Write the records out exactly, so that no picture remains in the copy.

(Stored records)
------------------------------------------------

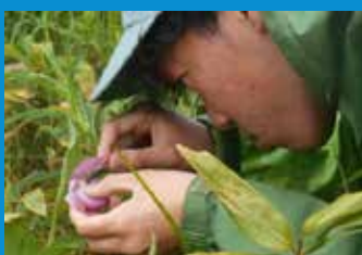
・野生個体の人工授粉作業
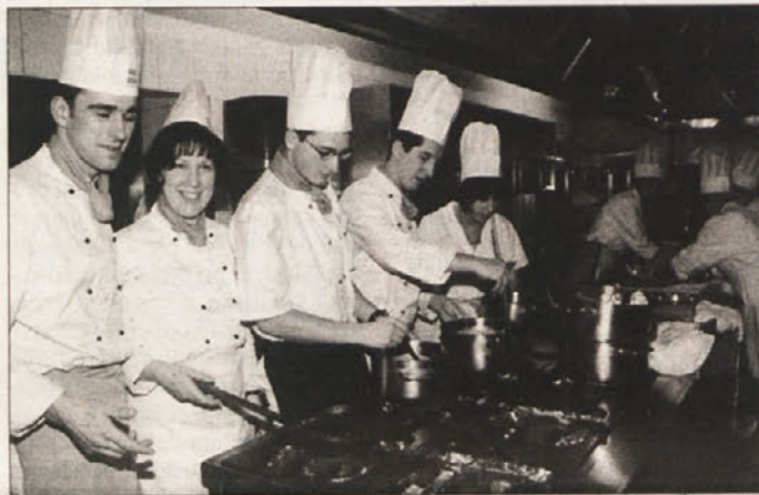
KUHARJI ŠTUDENTJE - Kuharice in kuharji so vedno najbolj "skriti" del gostinske ekipe. Na fotografiji: študentska kuharska ekipa, ki je gostom v grajski restavraciji na Otočcu pripravila projektno nalogo z naslovom VINO in hrana se vam izpovedujeta.

"Najbolj zahrbtna laž je izpustitev česa." (SIMONE DE BEAUVOIR)
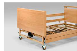
Træpaneler til at dække chassiset (også til eftermontering)
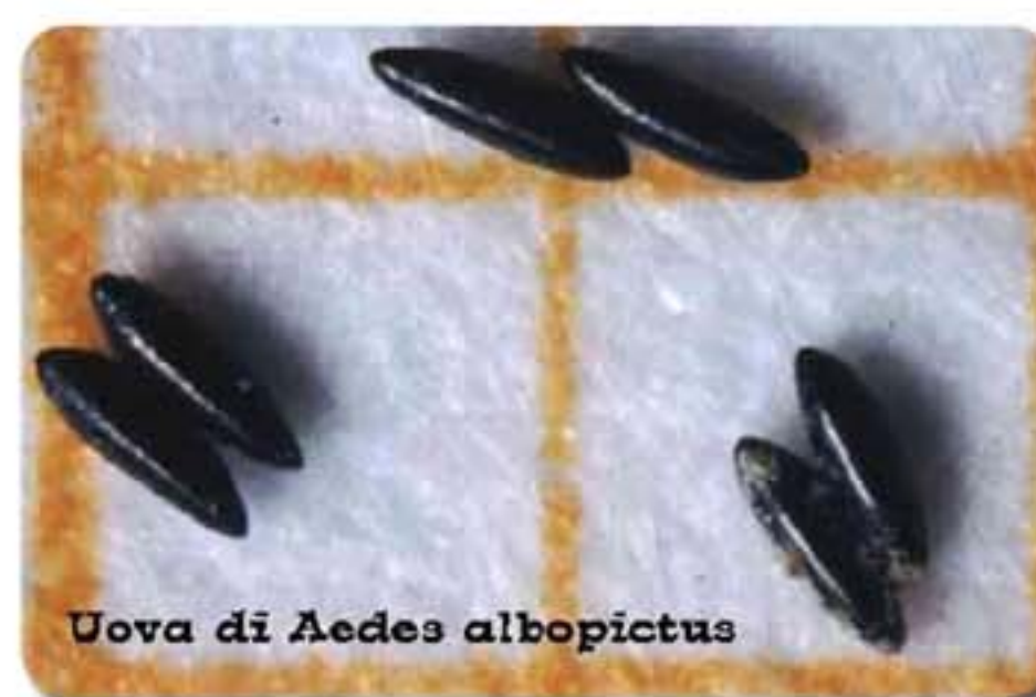
Uova di Aedes albopictus
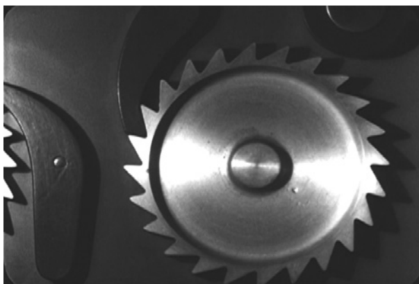
Záběr z filmu Mechanické principy Ralpha Steinera

Ve dnech 12.–13. října jsme ve Španělské synagoze již posedmé přivítali fanoušky cyklu CINEGOGA, unikátní syntézy němému filmu, živé hudby a historické architektury. Letošní ročník pod názvem Poetická avantgarda: Mezi Waltem Whitmanem a Robertem Desnosem představil divákům sérii pěti krátkometrážních snímků z dílny amerických židovských tvůrců Paula Stranda (1890–1976), Ralpha Steinera (1899–1986) a Mana Raye (1890–1976), etablovaných fotografů se zájmem o filmový experiment.
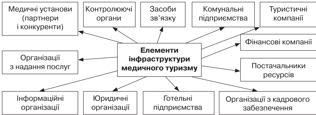
Рис. 1. Базові елементи інфраструктури медичного кластера в туристичній системі

вимог нормативно-правового забезпечення і відповідності ліцензійних вимог: охорони здоров'я, дотримання прав пацієнтів, санітарно-гігієнічних, пожежних, охорони праці, договірних відносин тощо.
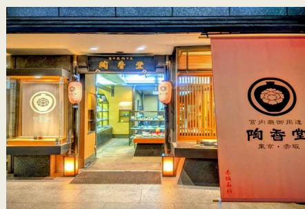
茜色の江戸風のものによる景観創出

------------------------------------------------

Result:
・野生個体の人工授粉作業
KUHARJI ŠTUDENTJE - Kuharice in kuharji so vedno najbolj "skriti" del gostinske ekipe. Na fotografiji: študentska kuharska ekipa, ki je gostom v grajski restavraciji na Otočcu pripravila projektno nalogo z naslovom VINO in hrana se vam izpovedujeta.

"Najbolj zahrbtna laž je izpustitev česa." (SIMONE DE BEAUVOIR)
Træpaneler til at dække chassiset (også til eftermontering)
Uova di Aedes albopictus
Záběr z filmu Mechanické principy Ralpha Steinera

Ve dnech 12.–13. října jsme ve Španělské synagoze již posedmé přivítali fanoušky cyklu CINEGOGA, unikátní syntézy němému filmu, živé hudby a historické architektury. Letošní ročník pod názvem Poetická avantgarda: Mezi Waltem Whitmanem a Robertem Desnosem představil divákům sérii pěti krátkometrážních snímků z dílny amerických židovských tvůrců Paula Stranda (1890–1976), Ralpha Steinera (1899–1986) a Mana Raye (1890–1976), etablovaných fotografů se zájmem o filmový experiment.
Рис. 1. Базові елементи інфраструктури медичного кластера в туристичній системі

вимог нормативно-правового забезпечення і відповідності ліцензійних вимог: охорони здоров'я, дотримання прав пацієнтів, санітарно-гігієнічних, пожежних, охорони праці, договірних відносин тощо.
茜色の江戸風のものによる景観創出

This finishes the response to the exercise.